For my social news stream application I am heavily thinking about the right software to support my backend. After I designed a database model in MySQL I talked back to Jonas and he suggested to search for a better suiting technology. A little bit of research brought me to a Graph database called Neo4j.
After I downloaded the opensource java libs and got it running with eclipse and maven I did some testing with my Metalcon data set. And I have been very satisfied and the whole project looks very promesing to me. I exported 4 relations from my MySQL Database.
- UserUserFriend containing all the friendship requests
- UserProfileVisit containing the profiles a user visited
- UserMessage containing the messages between users
- UserComment containing the profile comments between users
These relations obviously form a graph on my data set. Reading the several 100’000 lines of data and put them into the graph data structure and building a search index on the nodes only took several seconds runtime. But I was even more impressed by the speed with which it was possible to traverse the graph!
Receiving the shortest path between two users of length 4 only took me 150 milliseconds. Doing a full bredthfirst search on a different heavily connected graph with 290’000 edges only took 2.7 seconds which means that neo4j is capable of traversing about 100’000 edges per second.
Now I will have to look more carefully to my usecase. Obviously I want to have edges that are labled with timestamps and retrieve them in orderd lists.

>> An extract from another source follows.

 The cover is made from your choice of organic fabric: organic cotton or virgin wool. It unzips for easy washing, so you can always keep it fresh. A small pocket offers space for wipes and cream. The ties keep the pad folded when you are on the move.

Adding key value pairs to the edges and including and index is possible which makes me optimisitic that I will be able to solve a lot of my queries of interest in an efficiant manner.

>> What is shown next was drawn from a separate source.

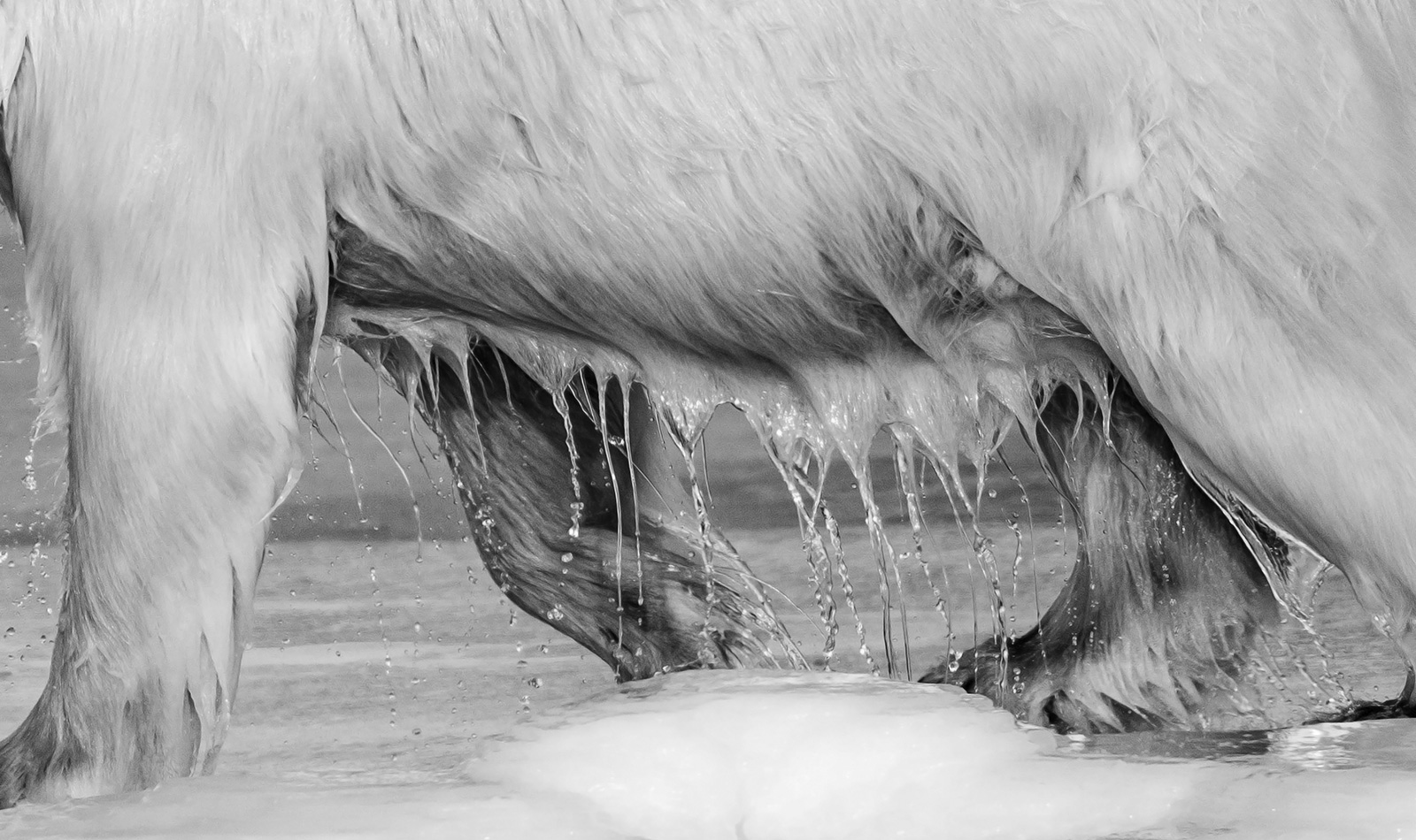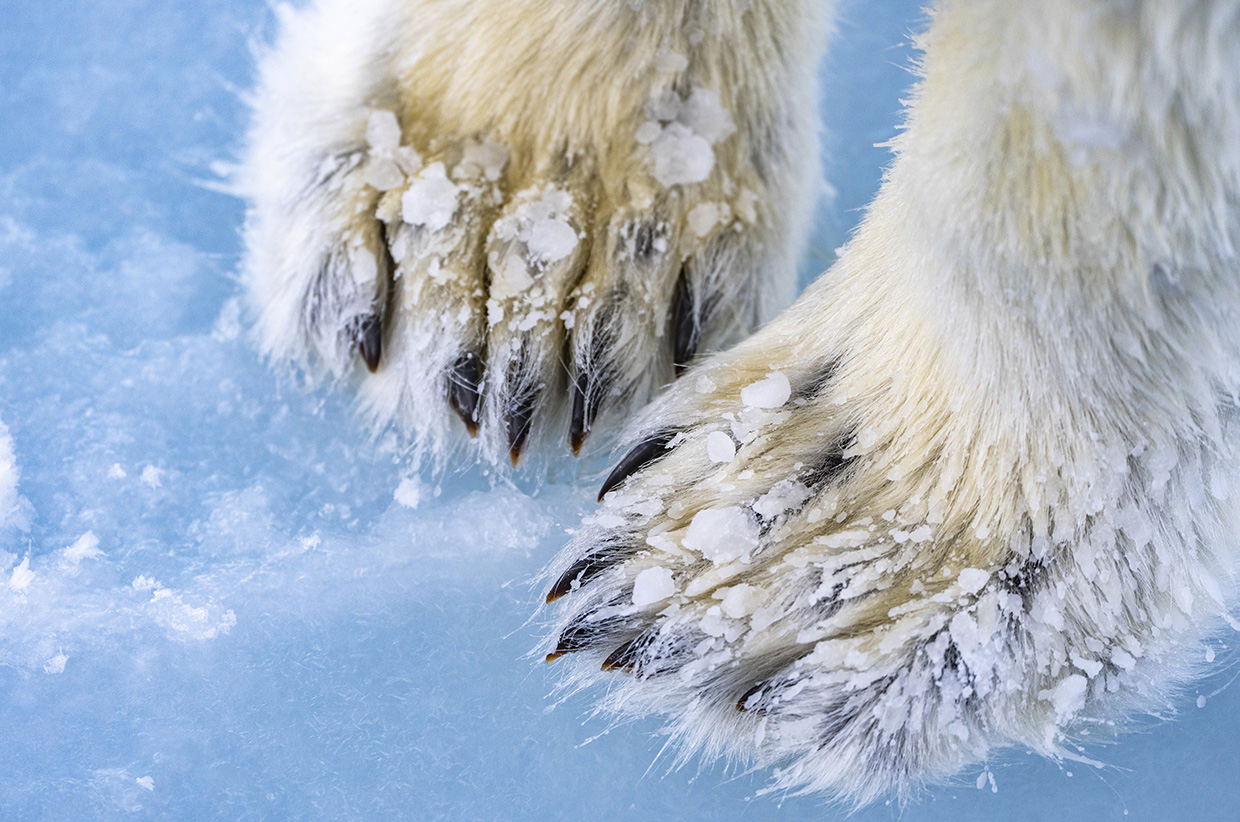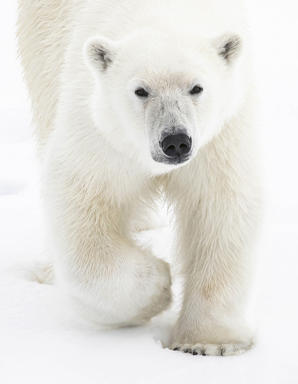 Fredrik whispers, ‘She can smell you… she can feel you. She’s trying to figure out who, or what, you are.’ In low voices we talk about the enormous presence one feels with a polar bear this close. ‘Inuit elders say that a polar bear can hear your thoughts. “Don’t think ill of the bears,” they warn, “for that might make them angry.”’

Unfortunately I am batteling around with Google Webtoolkit and Eclipse and Neo4j which I want to combine for the new metlcon version but I even asked the neo4j mailinglist with an very emberassing question and the guys from neotechnology have been very kind and helpful (even thogh I still couldn’t manage to get it running) I will post an article here as soon as I know how to set everything up.
In General I am still a huge fan of relational databases but for a usecase of social networks I see why graph data bases seem to be the more sophisticated technology. I am pretty sure that I could not have perfomed so well using MySQL.
What is your experience with graph data bases and especially neo4j?